**Problem description**: When you copy the data, keep every word exactly as it is and leave the pictures out.

**Stored data**:
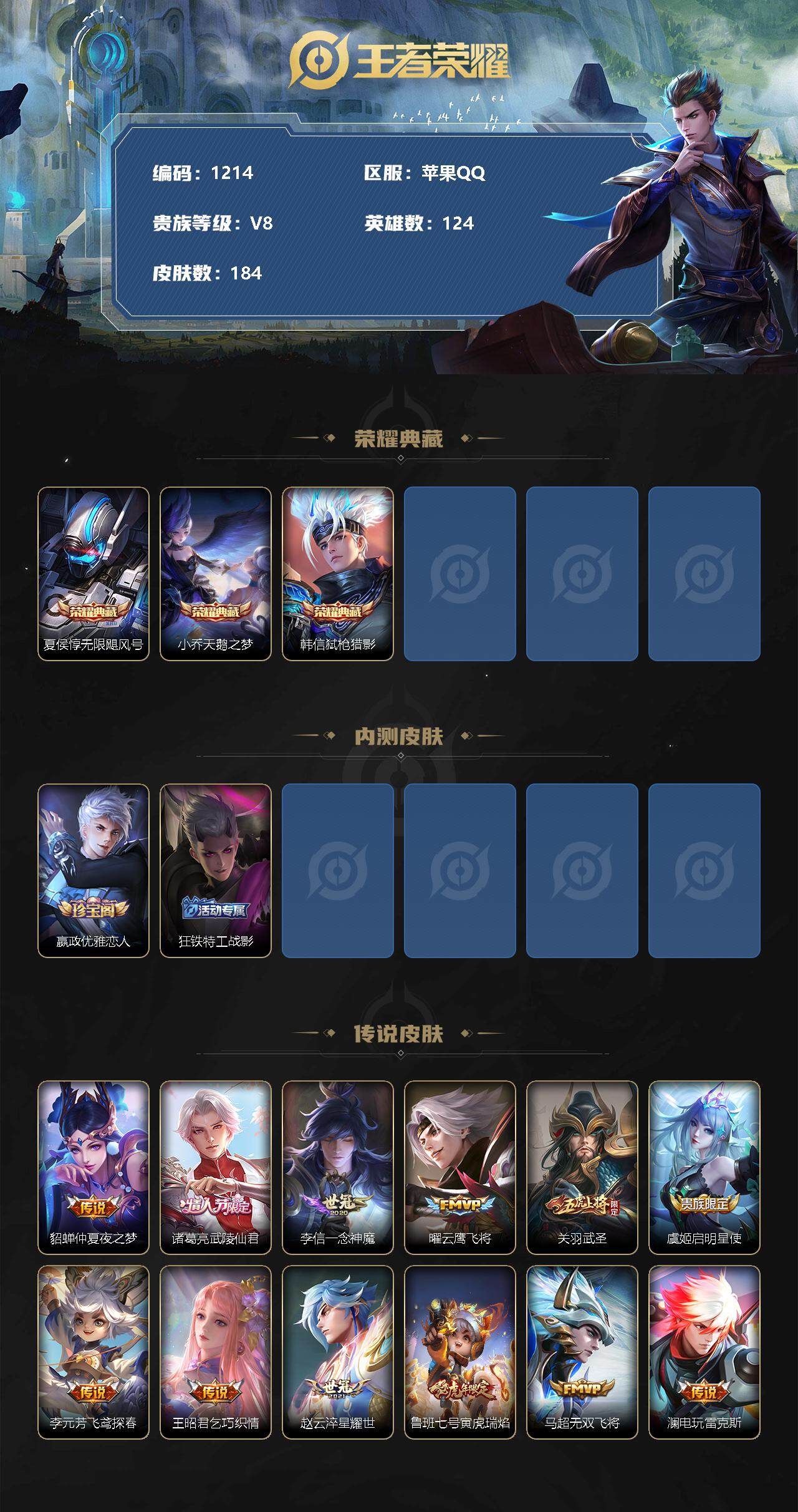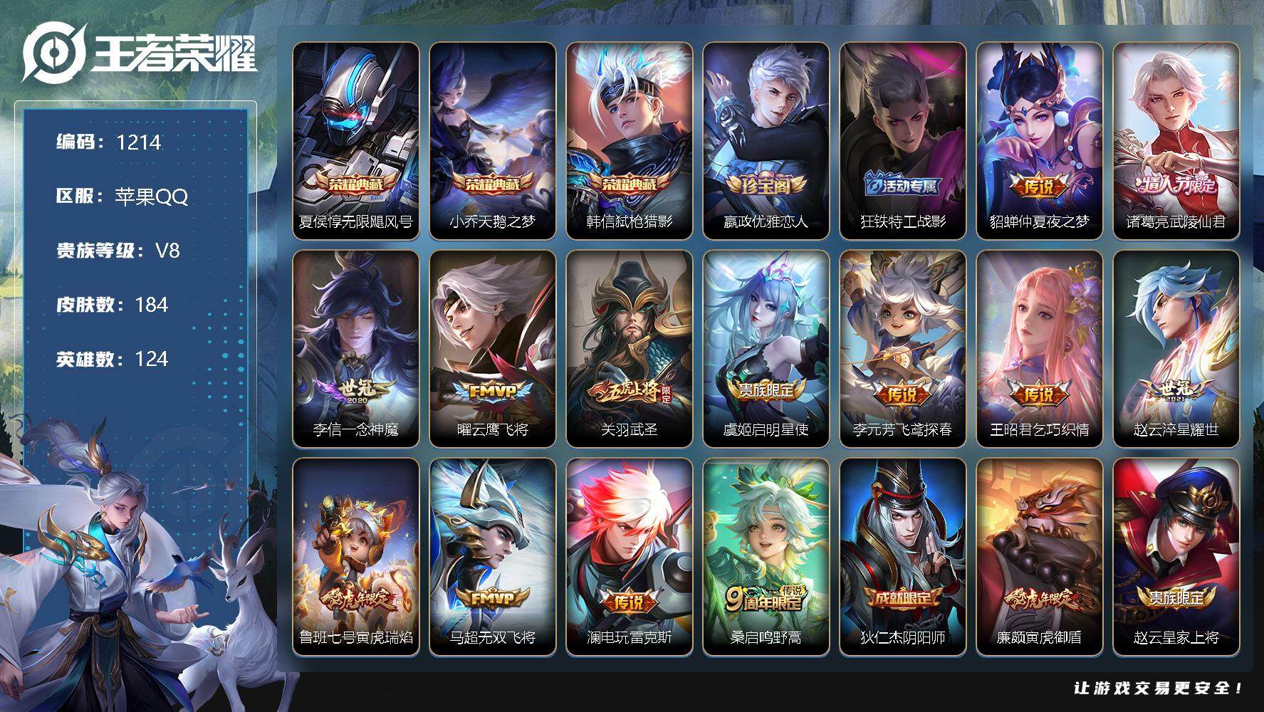 [11228532]【商品标题】:苹果Q-V0-尊贵铂金I段位-124英雄-184皮肤-3典藏-0珍品无双-0无双-0珍品传说-13传说-66史诗
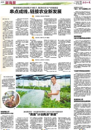 近两年,海垦集团以营收整合工作为切入点,发挥龙头企业引领带动作用,在区域间构建全链整合,达成农业生产中企业大主体与农户小主体有效衔接,形成利益共赢的现代化农业经营体系,串点成线全力推进农业全产业链建设。
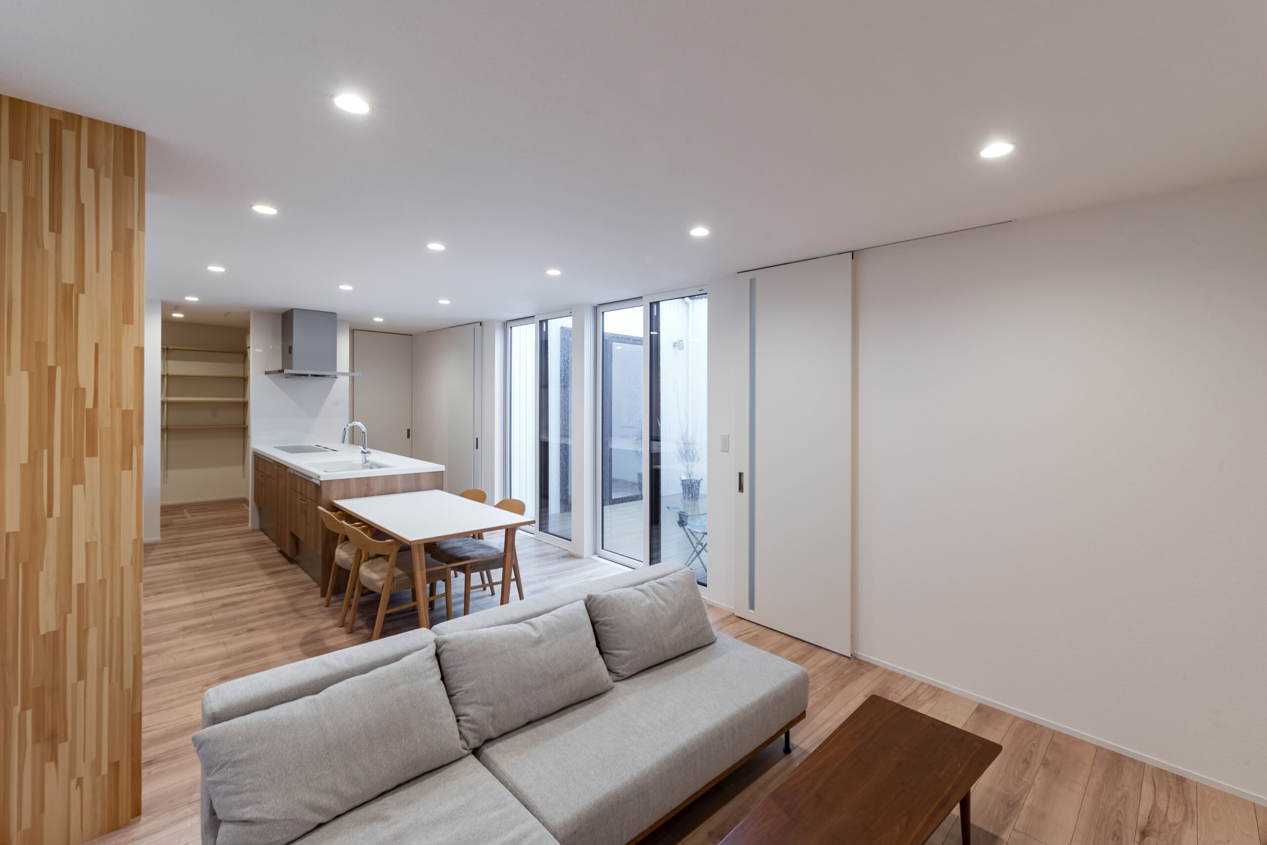 キッチンに立つと、リビング・ダイニングはもちろん中庭まで全てを見わたせるレイアウト。

**Result for this task**:
 [11228532]【商品标题】:苹果Q-V0-尊贵铂金I段位-124英雄-184皮肤-3典藏-0珍品无双-0无双-0珍品传说-13传说-66史诗
 近两年,海垦集团以营收整合工作为切入点,发挥龙头企业引领带动作用,在区域间构建全链整合,达成农业生产中企业大主体与农户小主体有效衔接,形成利益共赢的现代化农业经营体系,串点成线全力推进农业全产业链建设。
 キッチンに立つと、リビング・ダイニングはもちろん中庭まで全てを見わたせるレイアウト。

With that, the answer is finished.